Ahmed Dogan, leader and founder of the influential liberal Bulgarian political party Movement for Rights and Freedoms, was delivering an address at the party’s annual conference in the capital city of Sofia when the black-clad man — who appeared to have a security pass to attend the event — approached suddenly with the pistol.

Attendees gasped as the attacker  placed the gun inches from Dogan’s head and pulled the trigger twice. When no shot rang out, Dogan wrestled briefly with the man as audience members and security staff swooped in from off stage.

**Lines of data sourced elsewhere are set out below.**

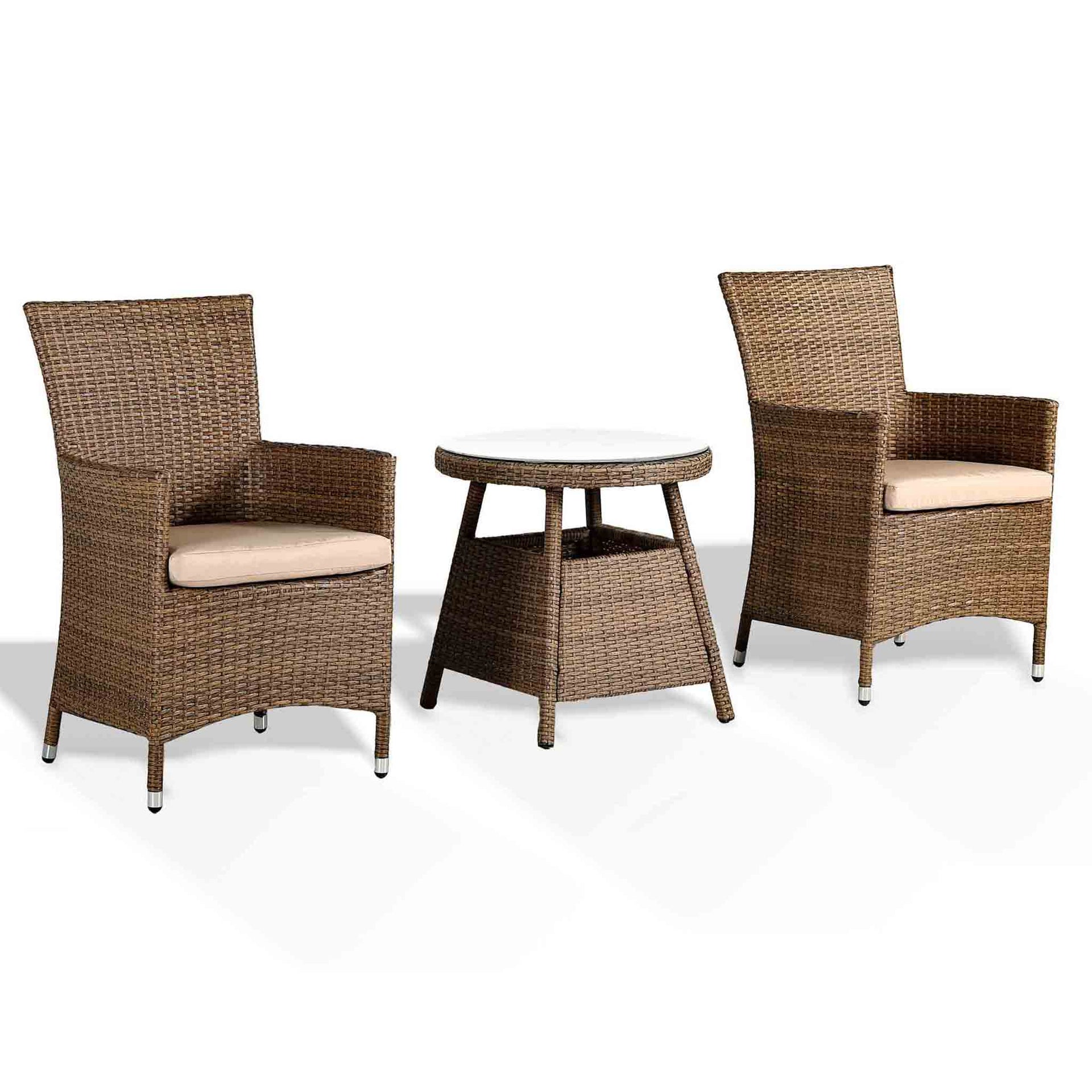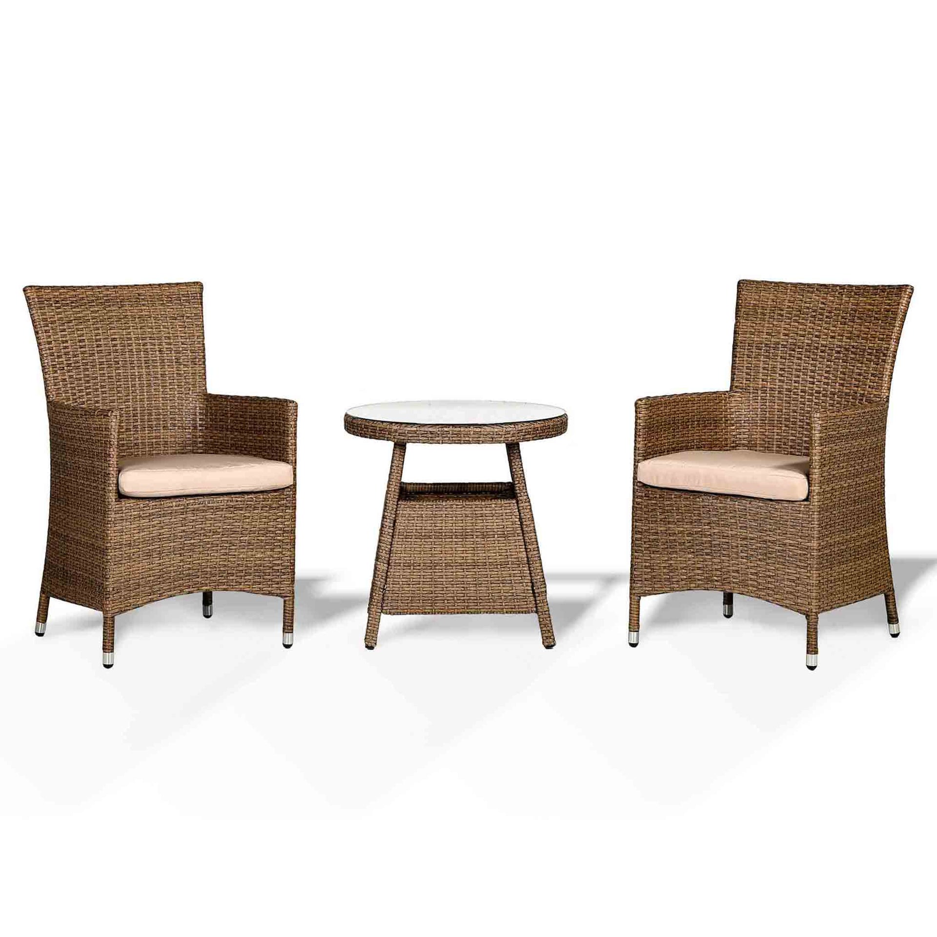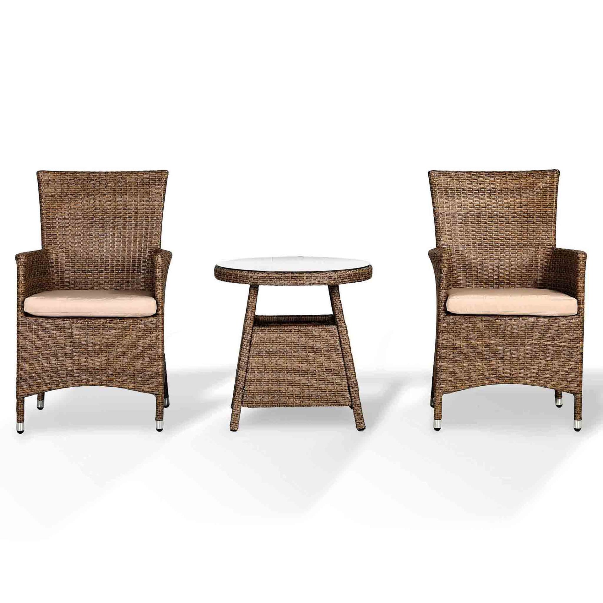 With a natural brown rattan that provides a modern look, this stylish bistro set will look fabulous in any garden. The chairs can also be used as dining chairs alongside our corner sofa with dining table sets in the same matching rattan. Our plush beige cushions are of premium quality, ensuring you the utmost comfort for you to sit back and soak up the cosy warmth of the sun until it disappears behind the horizon. Underneath the 6mm tempered glass top is a fully weaved table for a smooth, luxury look. Whilst the table requires a little bit of easy self-assembly, the chairs are fully assembled for your own convenience. Find that sun trap and enjoy a nice drink! With over two decades of experience, we’ve dedicated our time to not only sourcing the best materials but extensively developing our stylish models. |
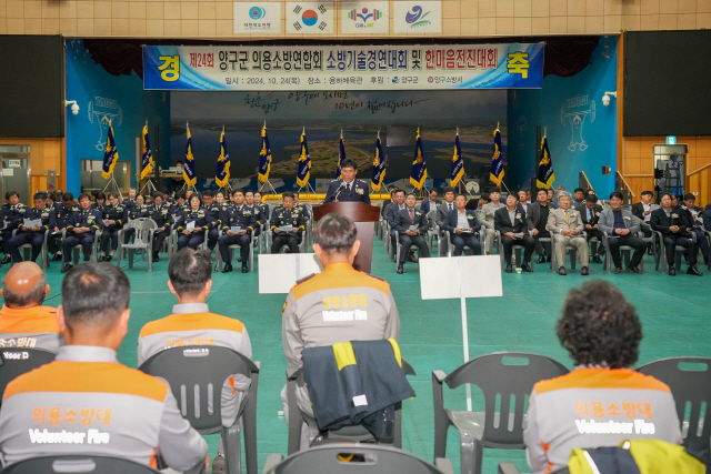 ▲ 제24회 양구군 의용소방연합회 소방기술경연대회 및 한마음전진대회가 24일 용하체육관에서 서흥원 양구군수, 정창수 양구군의회 의장, 김왕규 도의원, 18개시·군 의용소방연합회 대장 및 기관, 단체장들이 참석한 가운데 열렸다.
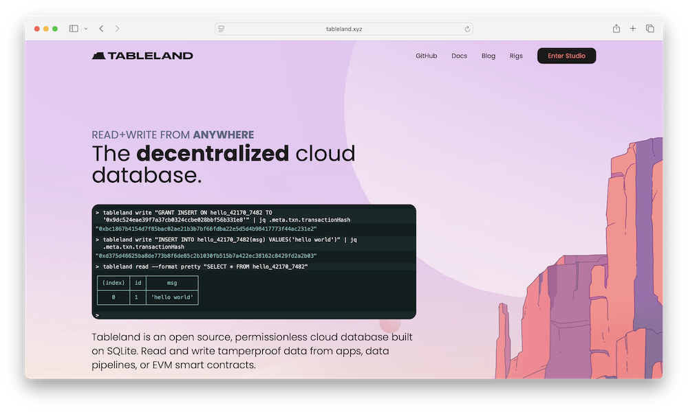 Tableland.xyz is the online home of Tableland, a permissionless, serverless relational database network designed for web3 applications. According to its documentation, Tableland helps developers store and query structured data, such as information organized in rows and columns, using SQL (a widely used language for working with databases). Table creation and data updates rely on blockchain-based access control, meaning permissions are enforced through onchain accounts. Tables are created on supported blockchains and owned by those accounts, while read queries are handled offchain through the Tableland gateway, allowing applications to retrieve data without requiring a blockchain transaction. In April 2023, Tableland announced an $8M Series A funding round led by CoinFund, with participation from Multicoin Capital, Blueyard, and A Capital.1
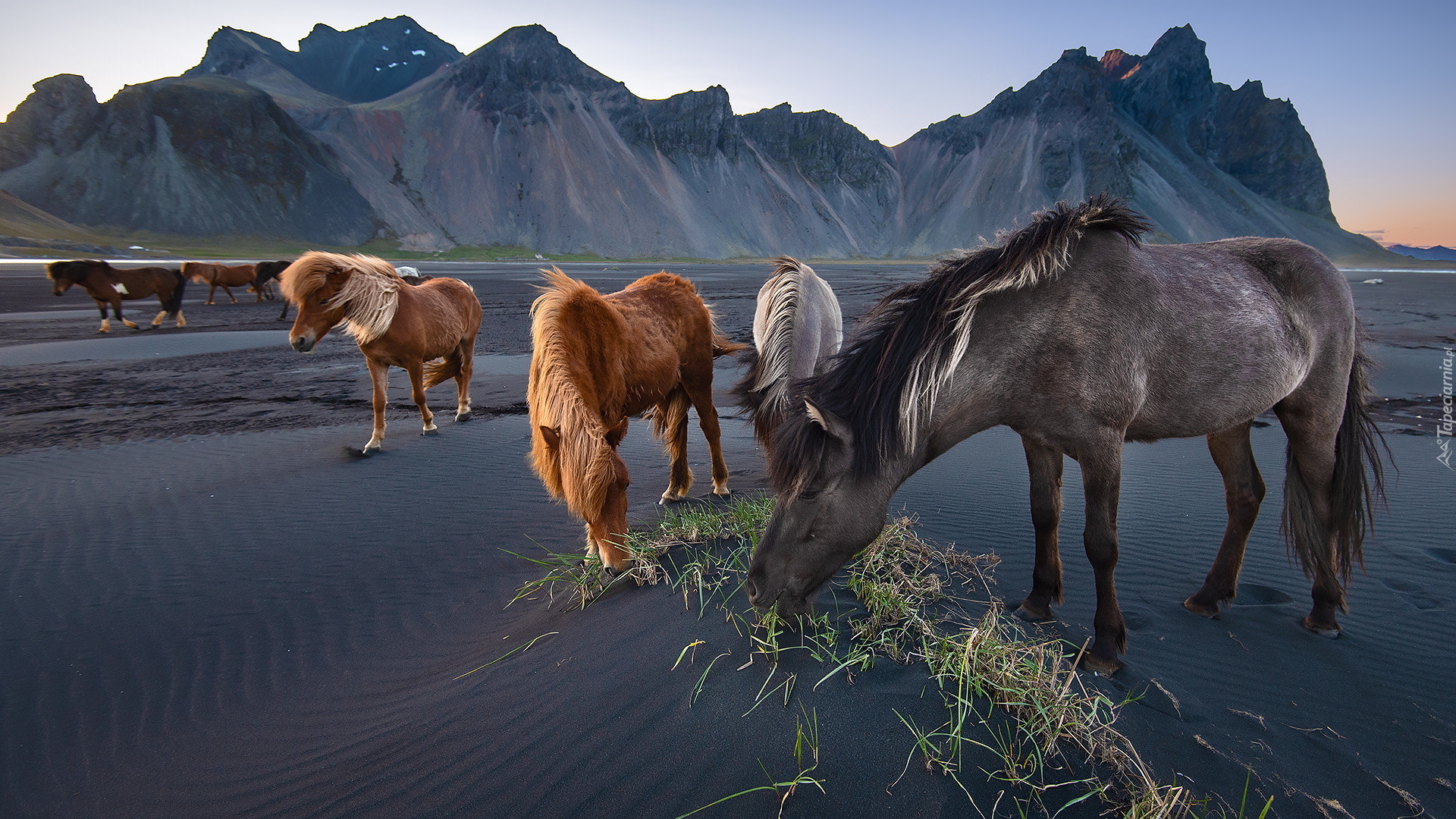 Edytor tapety: Konie na plaży Stokksnes w Islandii
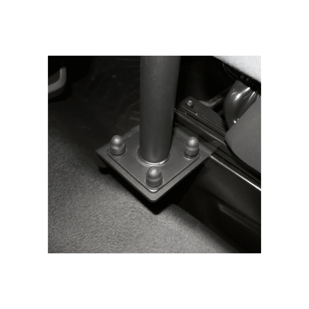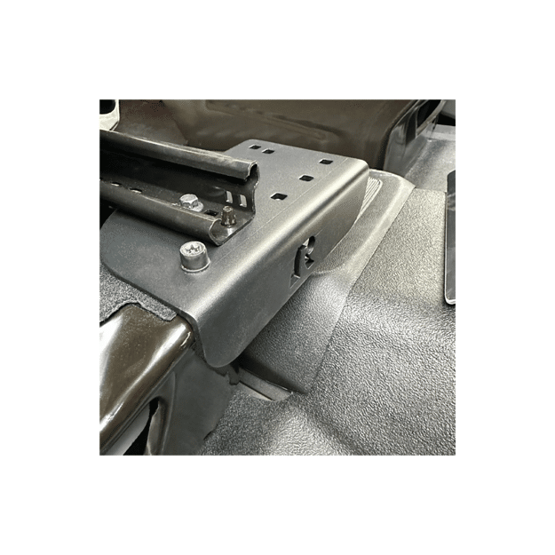 The RAM® No-Drill™ laptop mounting base for the Ford Transit Full Size Van features a heavy-duty steel mounting base custom designed to fit this vehicle perfectly. Using the front bench or passenger side seat rail bolts as attachment points, existing hardware is used to secure the laptop mount base in the vehicle.
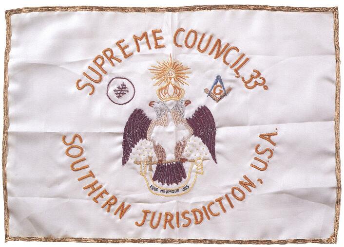 Aldrin also carried a handmade silk Masonic flag with him on his space journey, embroidered with the words, “Supreme Council, 33°, Southern Jurisdiction, USA.” After his mission in 1969, Brother Aldrin visited the House of the Temple in Washington, DC, and presented the flag to Grand Commander Luther Smith. The flag is now located in the archives of the House of the Temple.
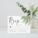 Ett bra sätt för gästerna att få OSA på inbjudningarna är genom vykort med dina adress-uppgifter redan där, så att de kan fylla på framsidan och skicka tillbaka den till dig. Den här designen har en blomning av söt eucalyptus löv i grönt med ett pekfinger av guld från det övre hörnet av högerna och en snyggt-angiven skripttypografi för huvud-Osa till den lämnat. Resten av texten som du enkelt kan anpassa, liksom returadressen på andra sidan. Gröntens bakgrund färg på baksidan kan ändras till ett annat färg om du vill genom att anpassa ytterligare alternativ.
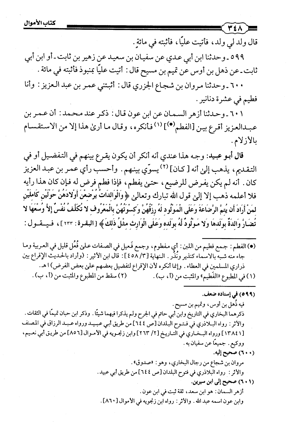 قَالَ أَبُو عُبَيْدٍ: وَجْهُ هَذَا عِنْدِي أَنَّهُ أَنْكَرَ أَنْ يَكُونَ يَقْرَعُ بَيْنَهُمْ فِي التَّفْضِيلِ أَوْ فِي التَّقْدِيمِ، يَذْهَبُ إِلَى أَنَّهُ كان يُسَوِّي بَيْنَهُمْ، وَأَحْسِبُ رَايَ عُمَرَ بْنِ عَبْدِ الْعَزِيزِ كَانَ أَنَّهُ لَمْ يَكُنْ يَفْرِضُ لِلرَّضِيعِ حَتَّى يُفْطَمَ، فَإِذَا فُطِمَ فَرَضَ لَهُ، فَإِنْ كَانَ هَذَا رَايَهُ فَلَا أَعْلَمُهُ ذَهَبَ إِلَّا إِلَى قَوْلِ اللَّهِ تَبَارَكَ وَتَعَالَى: {وَالْوَالِدَاتُ يُرْضِعْنَ أَوْلَادَهُنَّ حَوْلَيْنِ كَامِلَيْنِ لِمَنْ أَرَادَ أَنْ يُتِمَّ الرَّضَاعَةَ، وَعَلَى الْمَوْلُودِ لَهُ رِزْقُهُنَّ وَكِسْوَتُهُنَّ بِالْمَعْرُوفِ لَا تَكَلَّفُ نَفْسٌ إِلَّا وُسْعَهَا لَا تُضَارَّ وَالِدَةٌ بِوَلَدِهَا وَلَا مَوْلُودٌ لَهُ بِوَلَدِهِ وَعَلَى الْوَارِثِ مِثْلُ ذَلِكَ} [البقرة: 233] فَيَقُولُ: #349# رَضَاعُهُ عَلَى أَبِيهِ، فَإِنْ لَمْ يَكُنْ لَهُ أَبٌ فَعَلَى الْوَارِثِ إِذَا لَمْ يَكُنْ لِلصَّبِيِّ مَالٌ، فَإِنْ كَانَ لَهُ مَالٌ فَفِي مَالِهِ، وَقَدْ قَالَ بِهَذَا الْقَوْلِ غَيْرَ وَاحِدٍ مِنَ الْفُقَهَاءِ.
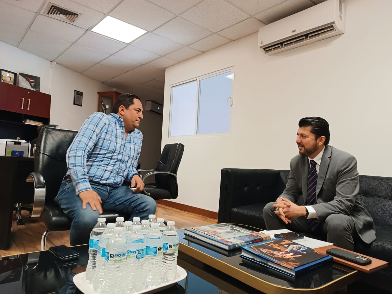 El director de Pensiones Civiles del Estado (PCE), Heriberto Miranda Pérez, y el director de la Junta Municipal de Agua y Saneamiento (JMAS), Alan Falomir Sáenz, se reunieron para analizar alternativas de solución al adeudo interinstitucional heredado por pasadas administraciones.
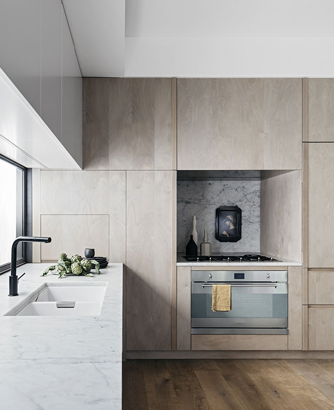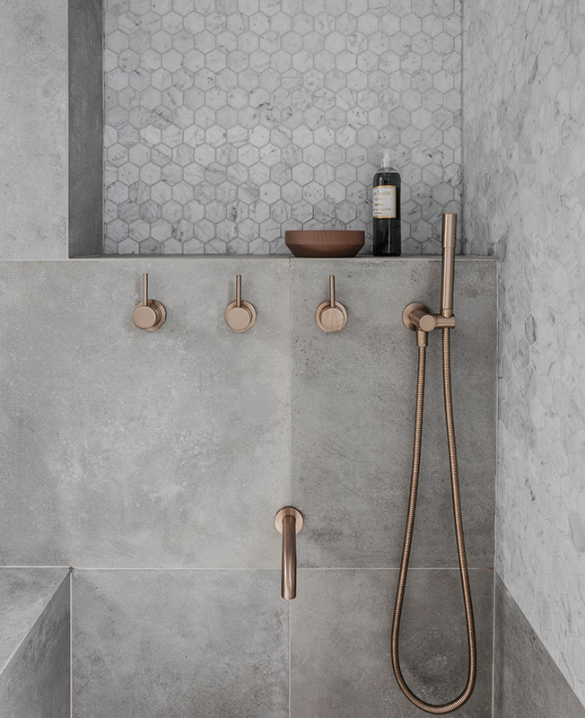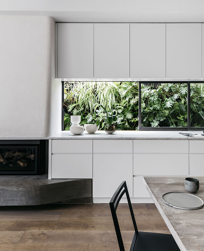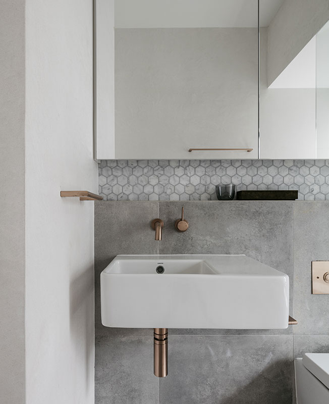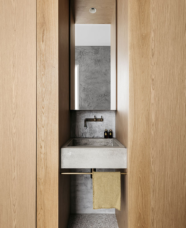 Многие детали были изготовлены вручную: например лепной портал для камина, бетонные раковины и деревянные шкафы.
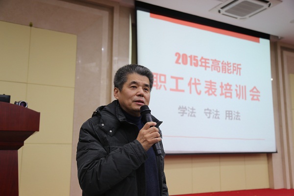 2015年12月30日至31日,中科院高能所工会在报告厅召开了职工代表培训会。本次培训会的主题是“学法·守法·用法”。来自全所的90多名代表参加了会议,所长王贻芳、党委书记潘卫民、党委副书记罗小安应邀出席了30日的开幕式。高能所工会主席陈宏刚主持30日的会议。
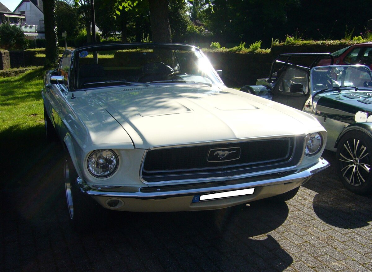Ford Mustang 1 Convertible im Farbton wimbledon white aus dem Jahr 1968. Im Jahr 1968 verkaufte die Ford Motor Company genau 317.404 Fahrzeuge vom Ford Mustang. Davon entfielen 25.376 Stück auf die Karosserieversion Convertible (Cabriolet). Ein solches Cabriolet war ab US$ 2814,00 zu haben. In diesem Modelljahr verbaute Ford als Standardmotorisierung zum ersten mal den neuen 302 cui (4949 cm³) V8-Motor mit einer Leistung von 230 PS. Oldtimertreffen an der Burgruine in Essen-Burgaltendorf am 26.05.2024.
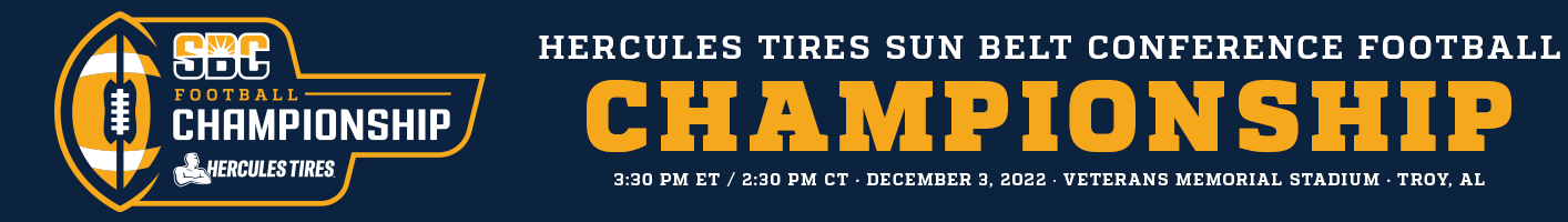 The 2022 Hercules Tires Sun Belt Football Championship will be played on Saturday, Dec. 3, and will be nationally televised on ESPN at 3:30 p.m. ET/2:30 p.m. CT. The game will feature East Division champion Coastal Carolina at West Division champion Troy at Veterans Memorial Stadium in Troy, Ala.
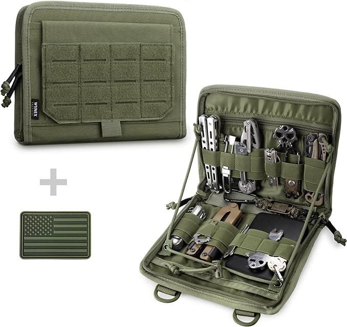 WYNEX Tactical Folding Admin Pouch, Molle Tool Bag of Laser-Cut Design, Utility Organizer EDC Medical Bag Modular Pouches Tactical Attachment Waist Pouch Include U.S Patch
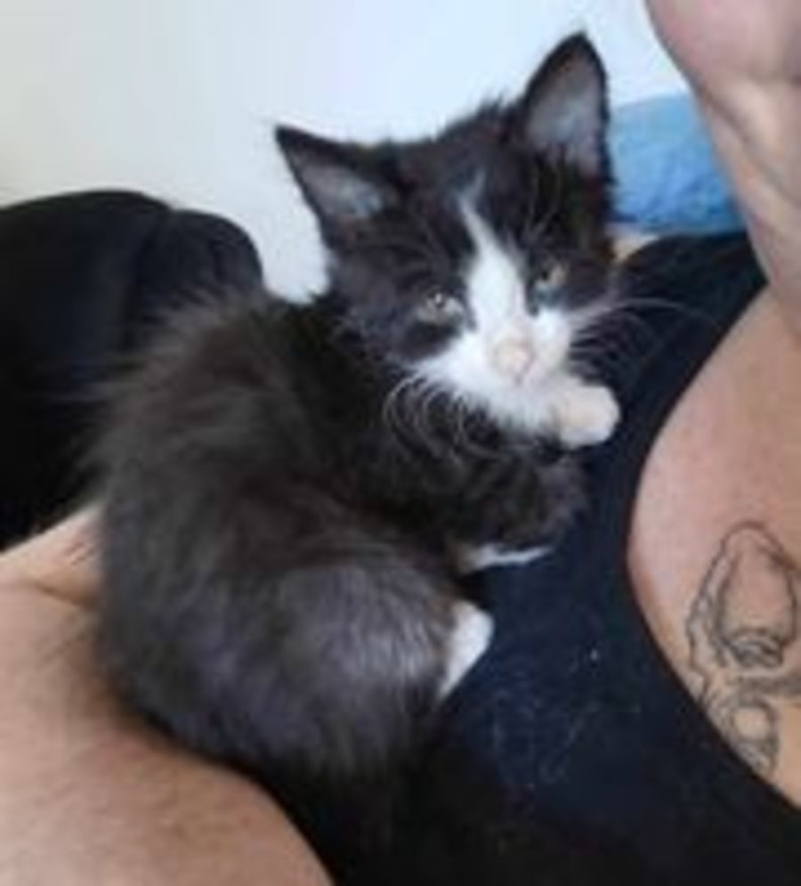Bubba is an adorable 9 week old black and white handraised kitty looking for his forever home. He may be a little shy at first, but warms up quickly, especially when you reach out to pet him. He loves cuddling and smooching and will make a great companion to snuggle up with. Bubba also loves playing with toys and can usually be found chasing around a toy mouse or batting at a feather wand. He is very friendly with small dogs, so he would fit in well in a home that already has furry companions! With patience and kindness, he’ll come out of his shell and show you all the love he has to give.
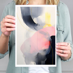 "Blush Emboldened I" combines soft blush pinks with bold strokes of yellow, gray, and white, creating a dynamic yet soothing abstract composition. The brushwork offers a beautiful contrast between fluid, translucent gradients and bold, overlapping shapes. The ethereal quality of the pastel tones blends seamlessly into the modern canvas, evoking a sense of serenity and elegance. This contemporary piece brings a fresh, expressive vibe, perfect for interior design that values both softness and boldness in harmony.

Gas pistols are normally used for non-lethal self-defense, but they can cause fatal injuries when fired at close range.

The 25-year-old assailant, who authorities have determined has a criminal history of robbery and drug possession, was then beaten and kicked savagely by the assembled crowd.

After approximately thirty seconds, the mob stopped the attack and pushed aside an elderly man who appeared intent on administering his own beating.

Police later found two knives on the assailant, whom amused YouTube users claimed to have heard shouting “YOLO” while the attendees kicked him. He actually appeared to have screamed “noldu,” meaning “what happened?”

“Bulgarian society is traditionally known for its tolerance, mutual acceptance and respect between different ethnic groups and religions,” Bulgarian President Rosen Plevneliev said in a statement. “Such an act is unacceptable in a democratic state.”

Dogan, who is 58 years old, was unharmed in the incident.

Some politicians and analysts being interviewed by local media in Bulgaria have speculated that the attack was not an assassination attempt and may even have been staged.

The MRF party represents minority interests in Bulgaria and relies chiefly on the votes of ethnic Turks and other Muslims.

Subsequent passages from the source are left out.